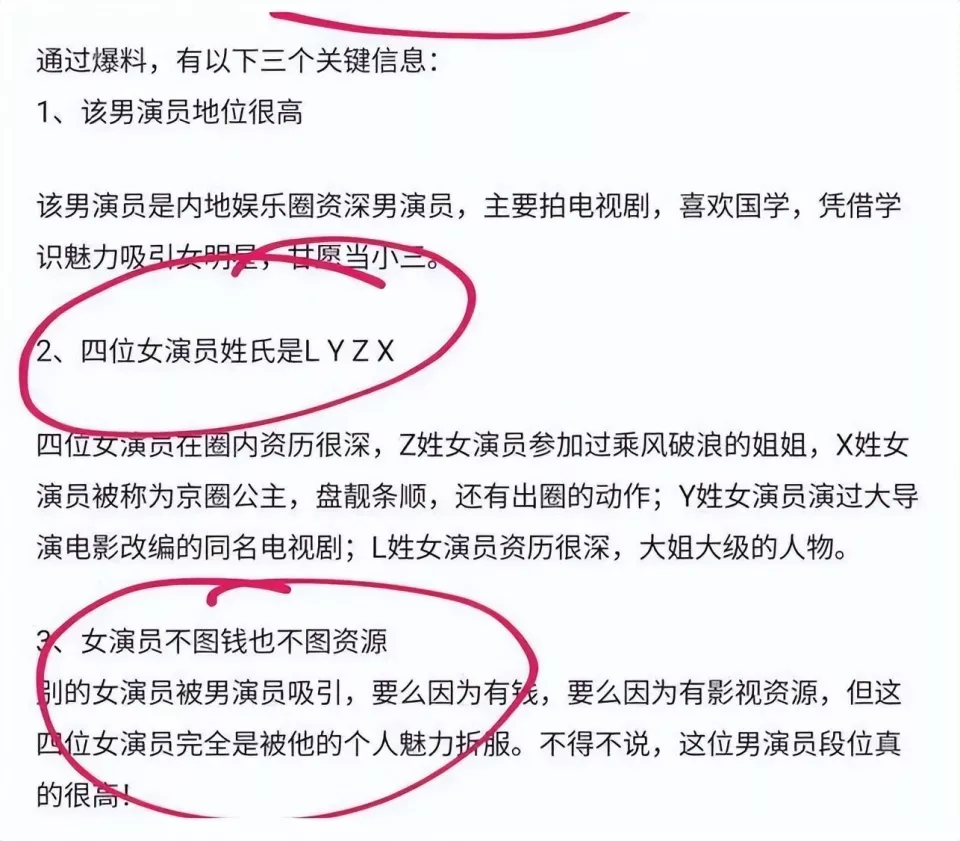 还详细描述了每位女主角的特征,引发外界纷纷猜测,最终抽丝剥茧对号入座。
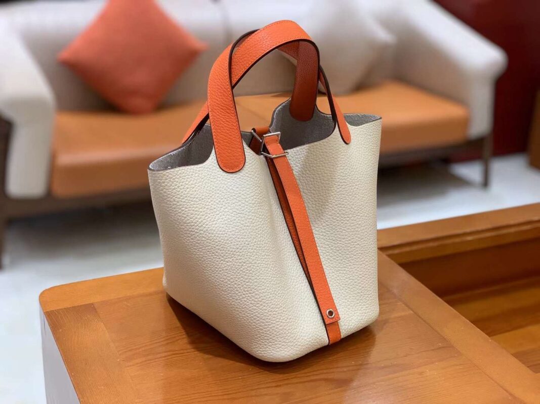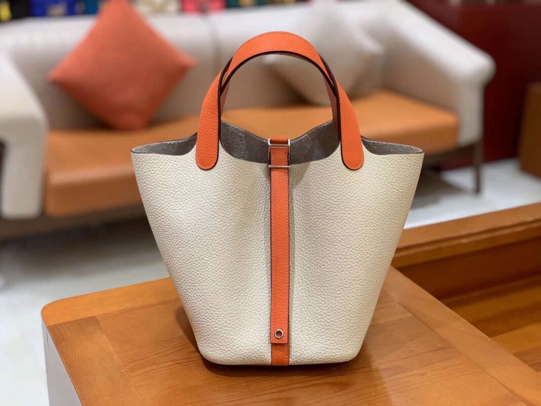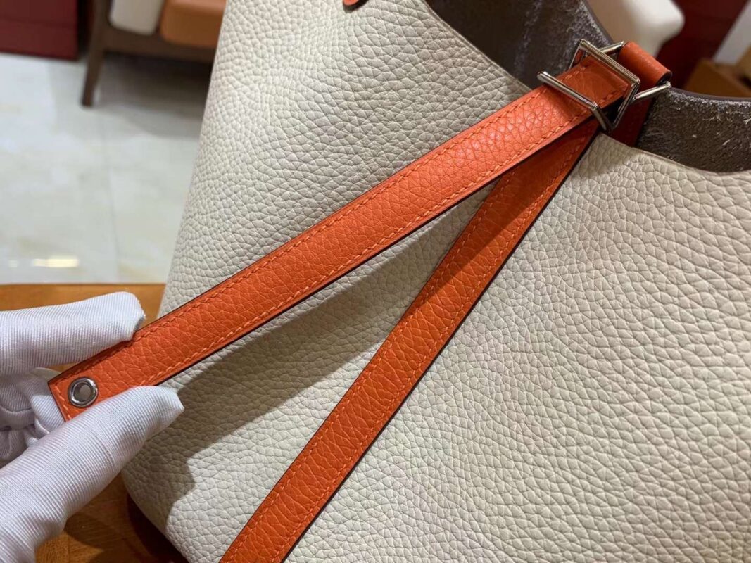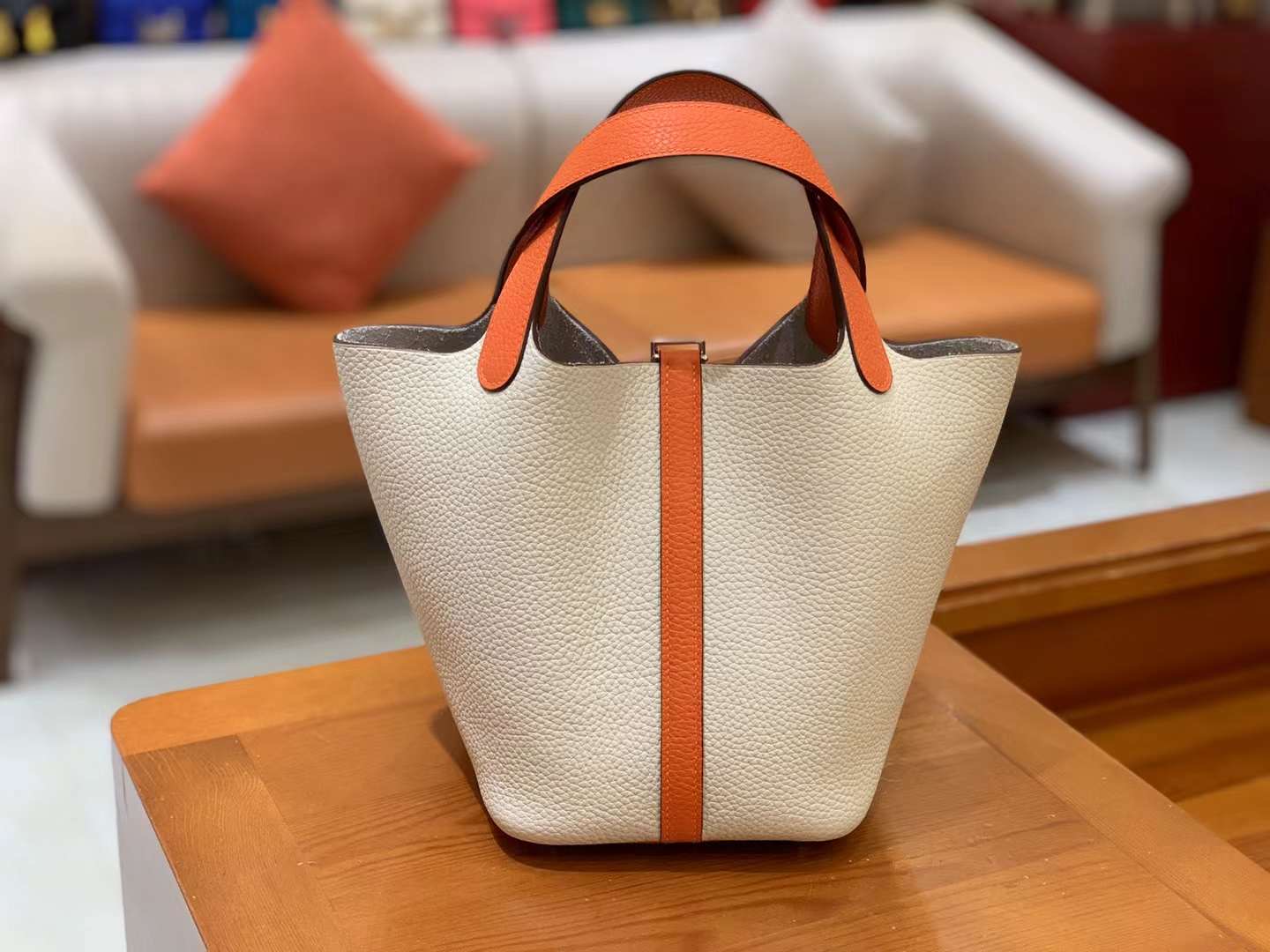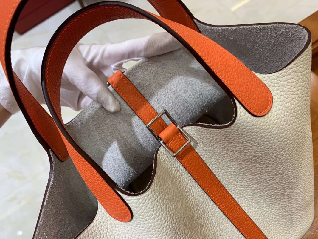 Picotin 18cm Orange Craie Imported TC cowhide. French beeswax thread. 100% hand-sewn.
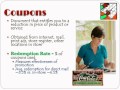 - Coupons: kortingsbonnen die gebruikt kunnen worden voor aankoop;
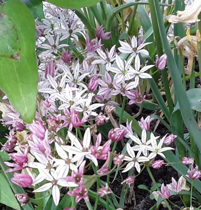 Allium drummondii est une plante bulbeuse aux feuilles aromatiques semblables à des herbes et à des têtes florales sphériques lâches (ø 10 cm) de fleurs blanches ou rose pâle en forme d’étoile.
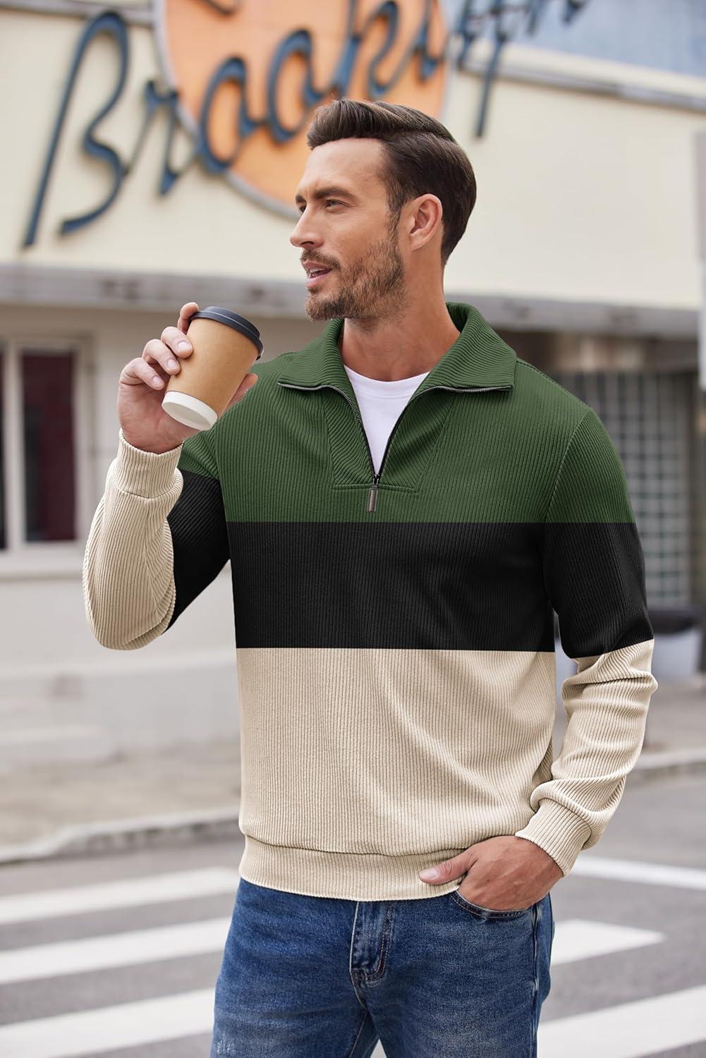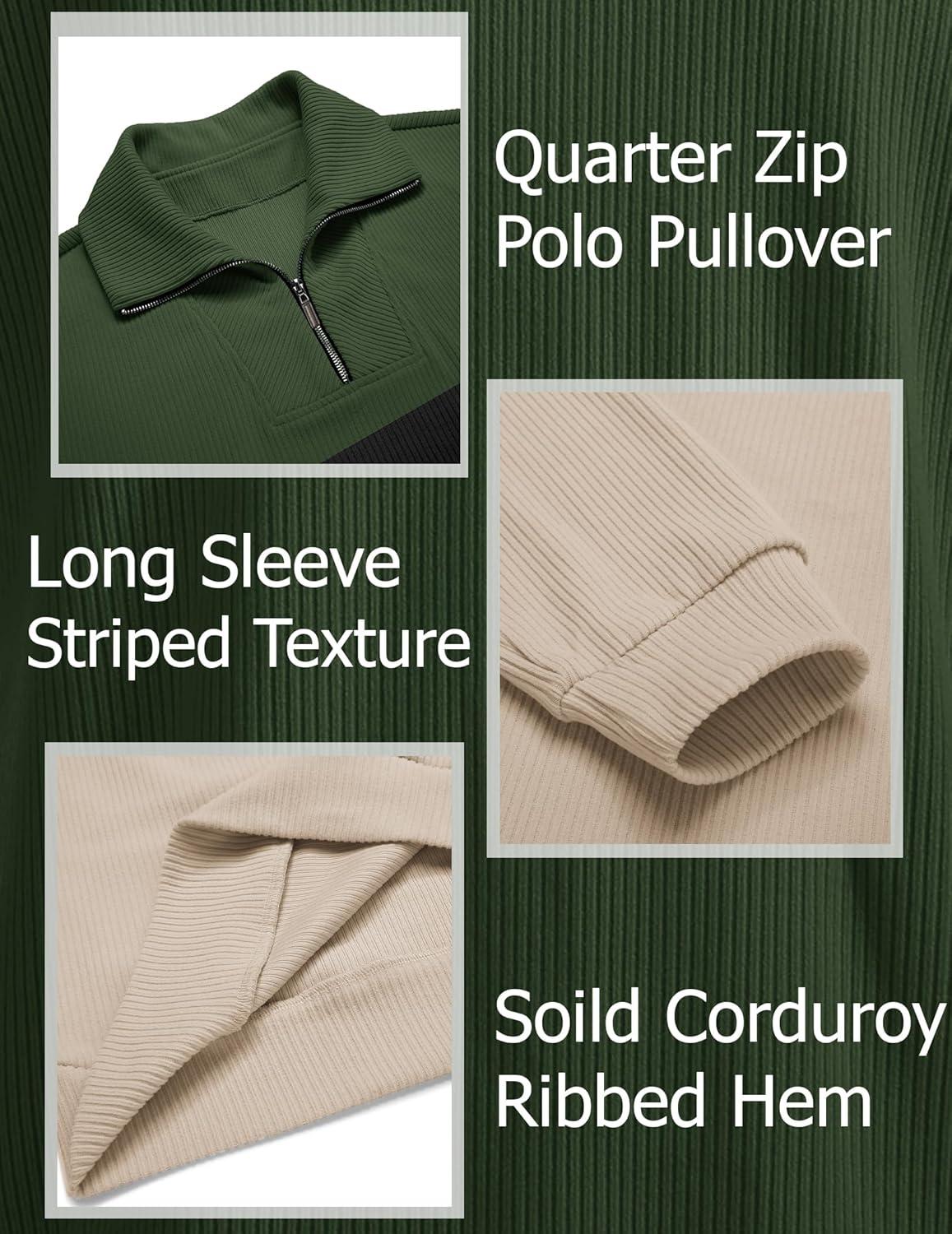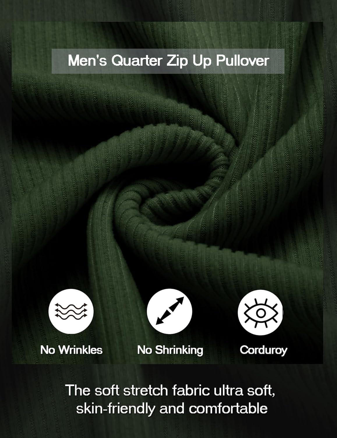 COOFANDY Men’s Quarter Zip Up Pullover Mock Neck Long Sleeve Sweater Casual Corduroy Polo Sweatshirt(Green Black Khaki)

__TASK ITEM__: Reproduce the data above in full, exactly as it is, with the pictures left out.

__SOLUTION FOR THIS PROBLEM__:
 还详细描述了每位女主角的特征,引发外界纷纷猜测,最终抽丝剥茧对号入座。
 Picotin 18cm Orange Craie Imported TC cowhide. French beeswax thread. 100% hand-sewn.
 - Coupons: kortingsbonnen die gebruikt kunnen worden voor aankoop;
 Allium drummondii est une plante bulbeuse aux feuilles aromatiques semblables à des herbes et à des têtes florales sphériques lâches (ø 10 cm) de fleurs blanches ou rose pâle en forme d’étoile.
 COOFANDY Men’s Quarter Zip Up Pullover Mock Neck Long Sleeve Sweater Casual Corduroy Polo Sweatshirt(Green Black Khaki)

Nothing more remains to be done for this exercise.